First time unlucky...
That’s how it felt as I stared at the letter in my still shaking hand, trying to take in the words: ‘…pleased to confirm that your entry for the BBC New Act Competition has been successful…’
How on earth I’d managed that was anyone’s guess. I could vaguely recall the night several months before, when merry on wheat beer and Hungarian wine, I’d turned my loft apartment into a kind of ‘comedy recording studio’, and spent several hours putting together my submission. What I eventually came up with was a five-minute set of ‘avant garde’ poetry and one-liners like: ‘What did Salvador Dali used to eat for breakfast? Surreal’
This was my first experience of comedy, save a strangely well-received set at a local English speaking poetry and performing arts event. I assumed that I’d already done the difficult bit and that this letter from the BBC was my backstage pass to the world of celebrity.
I mentally prepared myself to become part of comedy history, booked myself in to the heat at Newcastle’s Hyena Café and made a list of witty retorts I could improvise if anyone in the audience somehow realized I was a witless wanker..
By the time I walked into the club I’d managed to both calm myself down and get my energy up for the gig by drinking a superbly strong Belgian beer and listening repeatedly to Robbie Williams and Maxi Jazz singing My Culture on my CD Walkman. So I was in a strangely hyped up, yet chilled out mood as I signed my name in the book and took my place at a side table with all the other acts.
‘John Cooper,’ a short, stodgy guy with comedy hair took my hand and made me feel a little better about things. ‘That’s Mat and Faron, they’re a musical act, over there is Dan Nightingale, and…’
‘All right,’ a scary-eyed man with very little hair and a paedophile’s smile stalked past me on the way to the toilet.’
‘… and that was Seymour Mace. He’s very good.’
‘Right,’ this was starting to feel a bit ominous. ‘So do you all know each other, then?’

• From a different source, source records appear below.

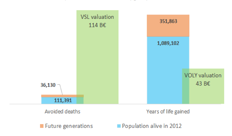
Figure 3. Scenario 2: Cumulative mortality benefit of PM_{2.5} emission reductions for the city of Skopje aggregated over a follow up period of 105 years.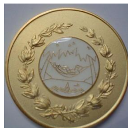
Seruvatu Medal (back)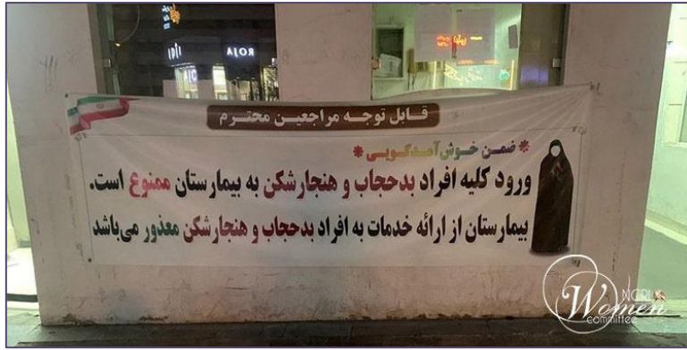
Hospital does not allow women without Hijab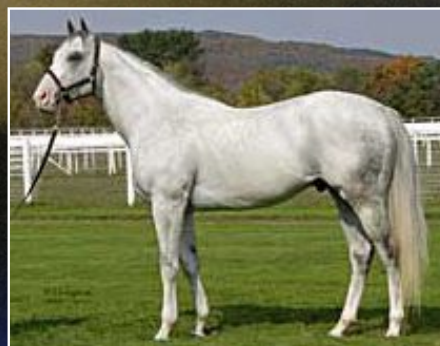
MAYBRY'S BOY Broad Brush - Aly's Conquest Sire of 2YO Saratoga winner SPORTSWRITER from first crop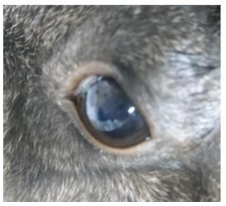
Figure-1: Controled eye of the rabbit, after instillation of Furacilin, concentrate for preparation of solution for local and external use 4 mg/ml, 72 hours after the instillation

The studies showed that after instillation of 0.02% solutions of the studied preparations with a volume of 0.1 ml to rabbits, and subsequent observation after 1, 24, 48 and 72 hours of changes in the conjunctiva, cornea and iris, chemosis was not registered. The number of points in all parameters in all experimental groups did not exceed 0 points (table 1, Annex 2). The state of the controled eyes in all experimental groups was unchanged and corresponded to the state of intact eyes.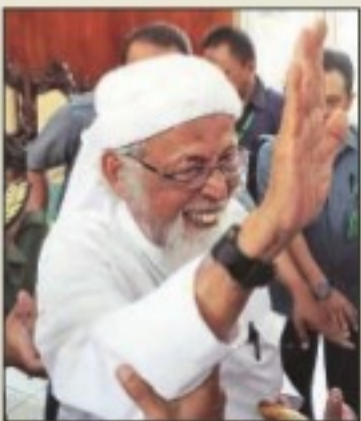
Abu Bakar Bashir has been linked to the 2002 Bali bombings

Jakarta: Indonesia's President said a radical Muslim cleric linked to the 2002 Bali bombings would only be released from jail if he pledged loyalty to the state and its ideology, after news he would be freed unconditionally sparked criticism. President Joko Widodo had declared last week that Abu Bakar Bashir, 81, would be freed on humanitarian grounds, citing his age and poor health. A legal adviser to the President had said the cleric would be granted unconditional release. But Widodo said in a statement on Tuesday it would be "conditional release", a day after a minister said the decision was being reviewed.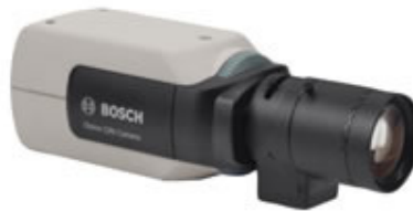
Day / Night Cameras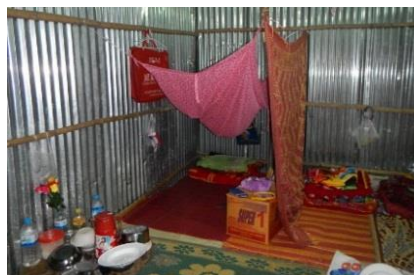
Living conditions for students remain bare, basic and completely inadequate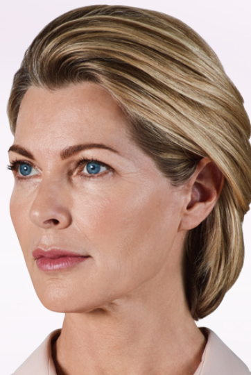
AFTER 1 MONTH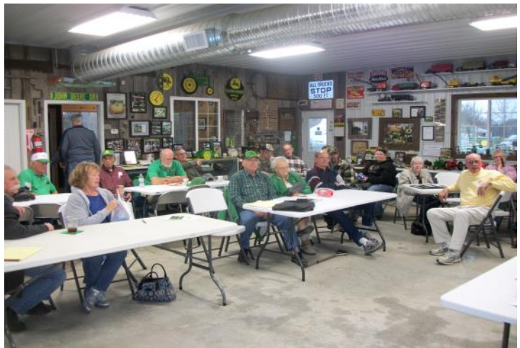
November Meeting—G.A. Salmon Farm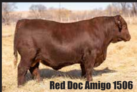
Red Doc Amigo 1506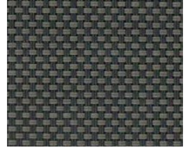
2211 Charcoal Bronze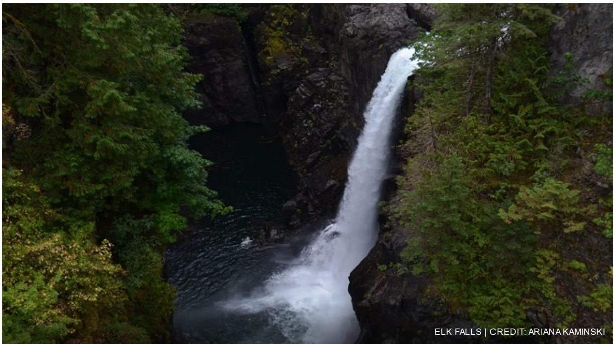
ELK FALLS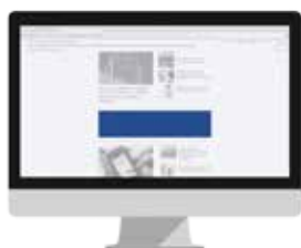
SPECIAL BANNER: NEWSLETTER: Dimensions: 600x140 px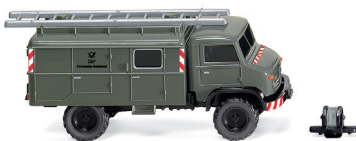
0360 02 Unimog S 404 Make connections with Unimog 1955-80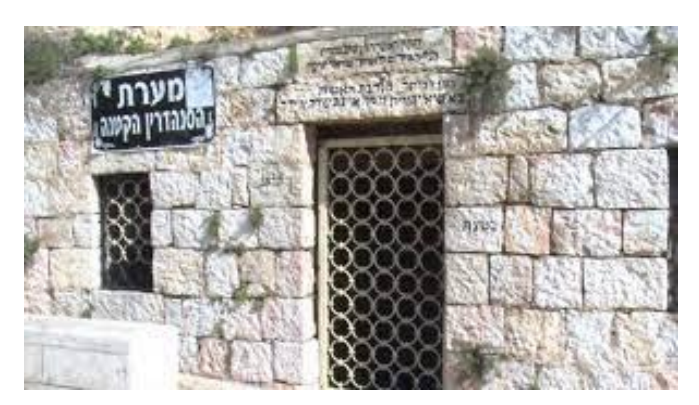
The Tomb of Simeon the Righteous ... chabad.org

In 1875, Two Jewish Religious Trusts Purchased the Shimon HaTzaddik Tomb and Surrounding Land: For centuries, Jews made pilgrimages to pray at the tomb of beloved 4th century BCE Kohen Gadol (high priest) Shimon HaTzadik (Simeon the Just), in Jerusalem, northeast of the Old City. In 1875, two Jewish trusts, the Sephardi Community Council and the (Ashkenazi) General Council of the Congregation of Israel (a.k.a the "General Committee of the Knesset of Israel"), purchased the tomb and nearby lands forming the "Shimon HaTzadik" and "Nahalat [Inheritance of] Shimon" neighborhoods. Palestine Chief Rabbi Avraham Ashkenazi and Jerusalem Chief Rabbi Meir Auerbach registered the property in the Ottoman land registry in 1875 and 1876. Dozens of poor Jewish families moved there and continued to live there.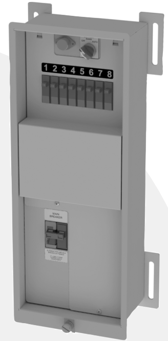
Isometric View (Lid Removed)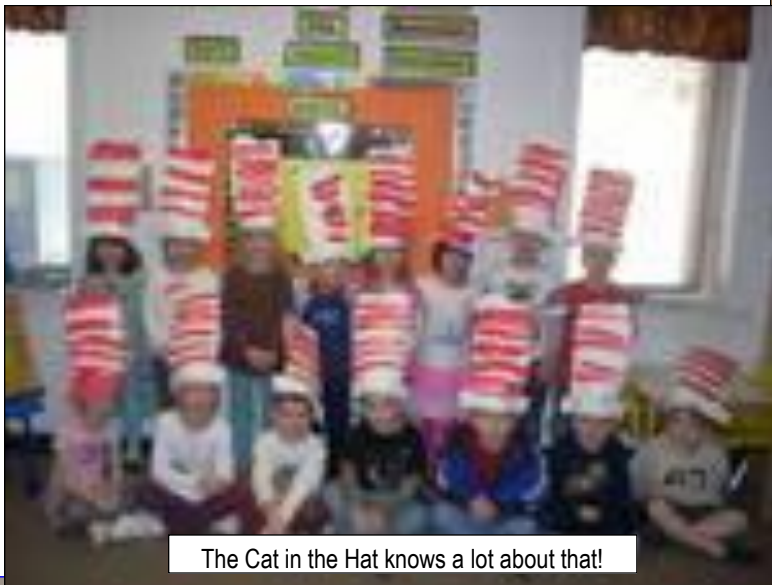
The Cat in the Hat knows a lot about that!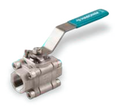
Three piece F47G series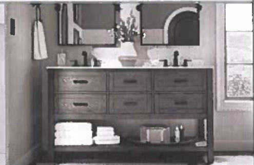
Tolbrook 60 in. W x 22 in. D x 35 in. H Double Sink Freestanding Bath Vanity in Brown Oak with White Engineered Stone Top 319537263

‘Oh aye, we’ve met on the circuit – where have you gigged, then?’
‘Erm… the, er… the… No. Actually, I haven’t really gigged before.’
‘Oh well.’ He gave me a sympathetic pat. ‘You’ll be alright. The compere – Gavin Webster – he’s a good lad.’
‘You know him as well?’
‘Oh yeah, everyone knows everyone here. Well, you know…except you.’
‘Right.’
I was backstage – well, side-stage really – feeling fairly confident. Dan Nightingale had done some reasonably amusing schtick about fighting people off with a banjo, John entertained with a story about being squashed up against old ladies breasts, and Seymour Mace hadn’t been on yet.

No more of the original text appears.